§ **Work required**: As you reproduce every line below, keep it exactly as written and leave out the images.
Top of Information provided
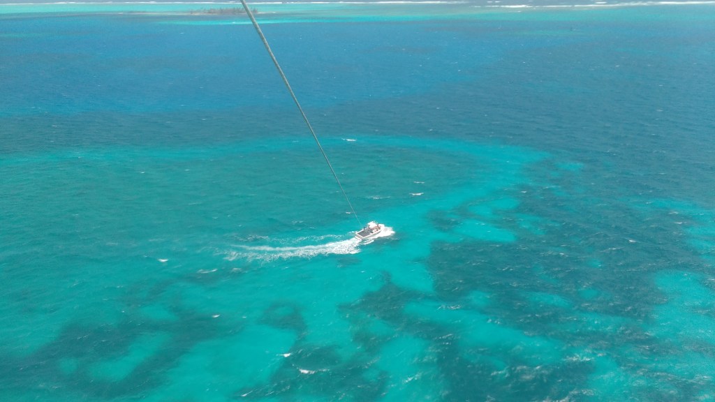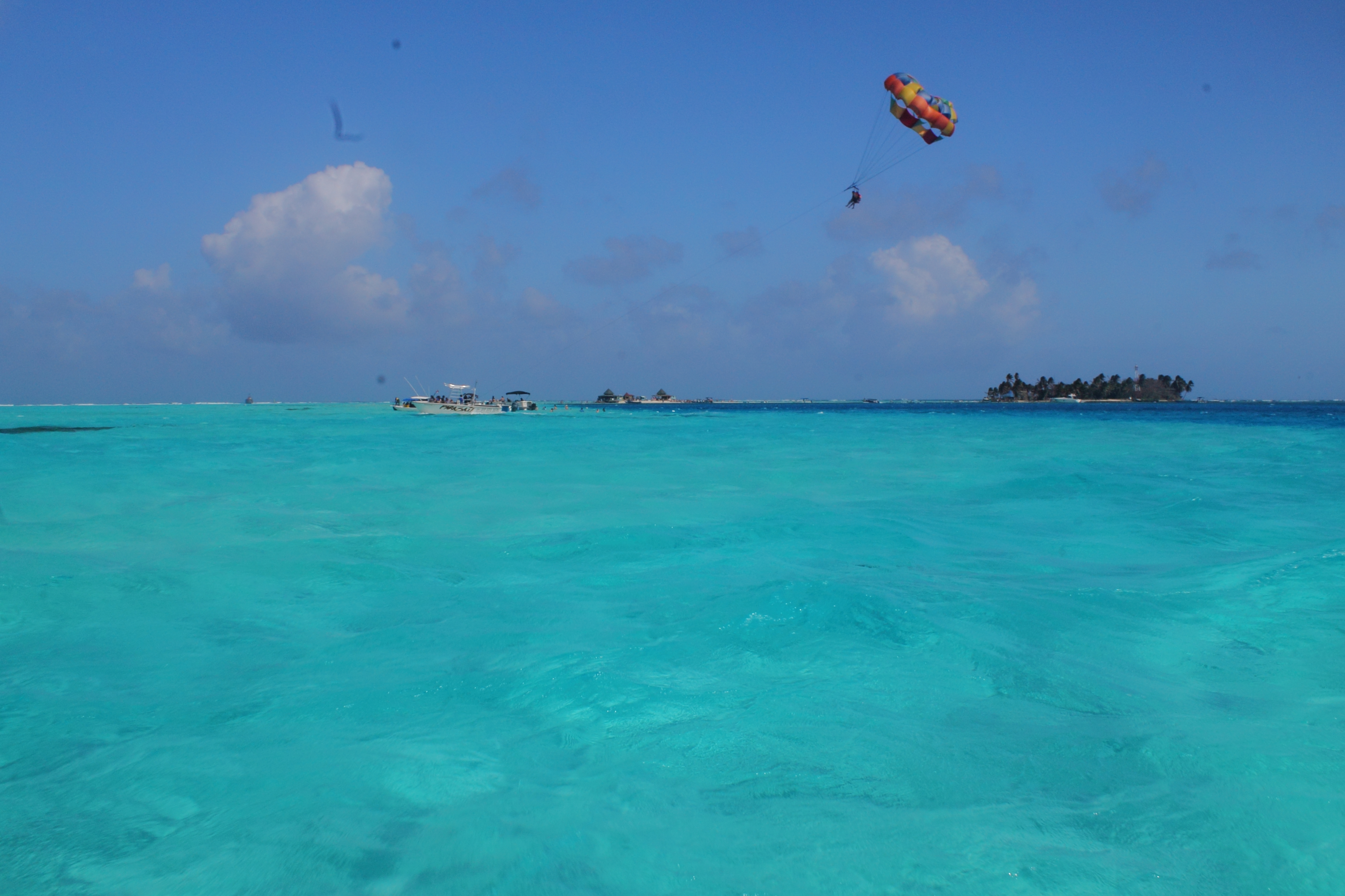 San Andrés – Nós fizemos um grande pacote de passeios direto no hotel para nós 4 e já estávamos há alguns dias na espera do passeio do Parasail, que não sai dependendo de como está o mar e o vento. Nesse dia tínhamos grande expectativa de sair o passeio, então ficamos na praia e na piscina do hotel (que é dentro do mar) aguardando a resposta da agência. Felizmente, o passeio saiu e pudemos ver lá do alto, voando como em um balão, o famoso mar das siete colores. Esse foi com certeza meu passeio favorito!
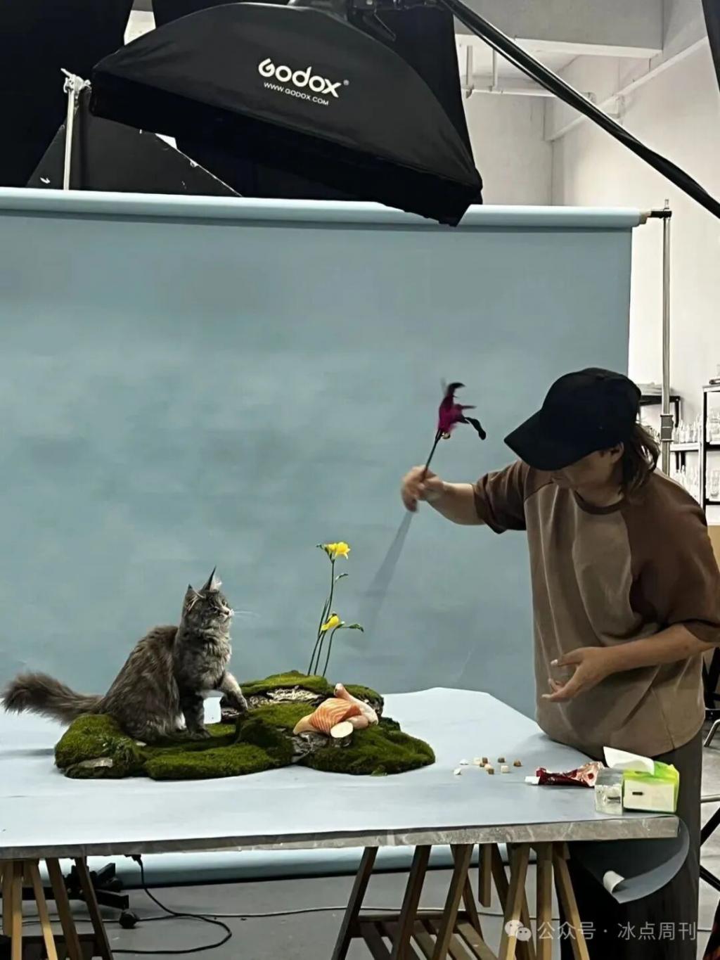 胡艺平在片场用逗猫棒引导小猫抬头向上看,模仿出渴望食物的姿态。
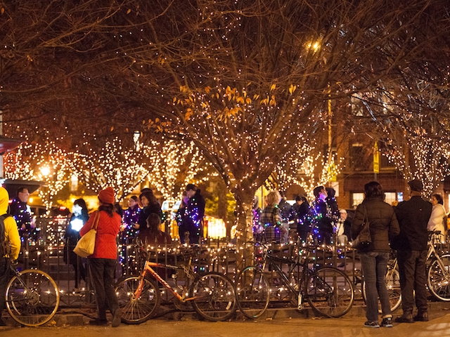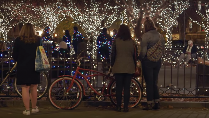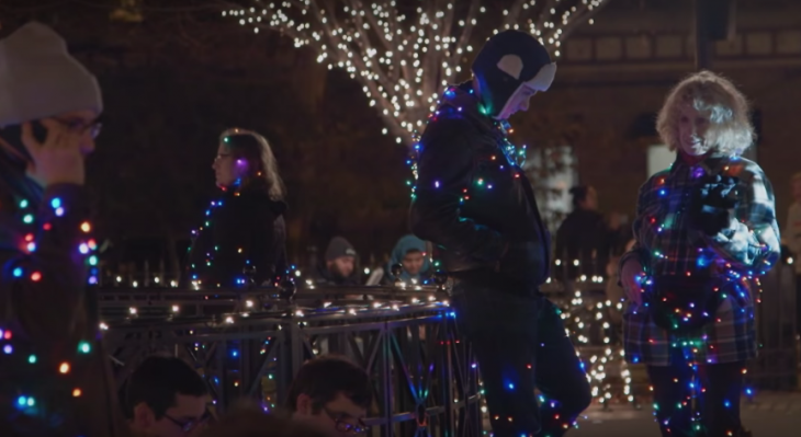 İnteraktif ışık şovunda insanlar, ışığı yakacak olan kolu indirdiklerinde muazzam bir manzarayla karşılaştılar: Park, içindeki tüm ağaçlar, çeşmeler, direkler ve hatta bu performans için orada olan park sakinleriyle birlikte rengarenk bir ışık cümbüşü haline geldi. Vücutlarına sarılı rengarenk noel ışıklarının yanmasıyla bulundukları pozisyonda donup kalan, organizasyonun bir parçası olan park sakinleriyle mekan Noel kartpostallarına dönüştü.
Bottom of Information provided
§ **Your response**:
 San Andrés – Nós fizemos um grande pacote de passeios direto no hotel para nós 4 e já estávamos há alguns dias na espera do passeio do Parasail, que não sai dependendo de como está o mar e o vento. Nesse dia tínhamos grande expectativa de sair o passeio, então ficamos na praia e na piscina do hotel (que é dentro do mar) aguardando a resposta da agência. Felizmente, o passeio saiu e pudemos ver lá do alto, voando como em um balão, o famoso mar das siete colores. Esse foi com certeza meu passeio favorito!
 胡艺平在片场用逗猫棒引导小猫抬头向上看,模仿出渴望食物的姿态。
 İnteraktif ışık şovunda insanlar, ışığı yakacak olan kolu indirdiklerinde muazzam bir manzarayla karşılaştılar: Park, içindeki tüm ağaçlar, çeşmeler, direkler ve hatta bu performans için orada olan park sakinleriyle birlikte rengarenk bir ışık cümbüşü haline geldi. Vücutlarına sarılı rengarenk noel ışıklarının yanmasıyla bulundukları pozisyonda donup kalan, organizasyonun bir parçası olan park sakinleriyle mekan Noel kartpostallarına dönüştü.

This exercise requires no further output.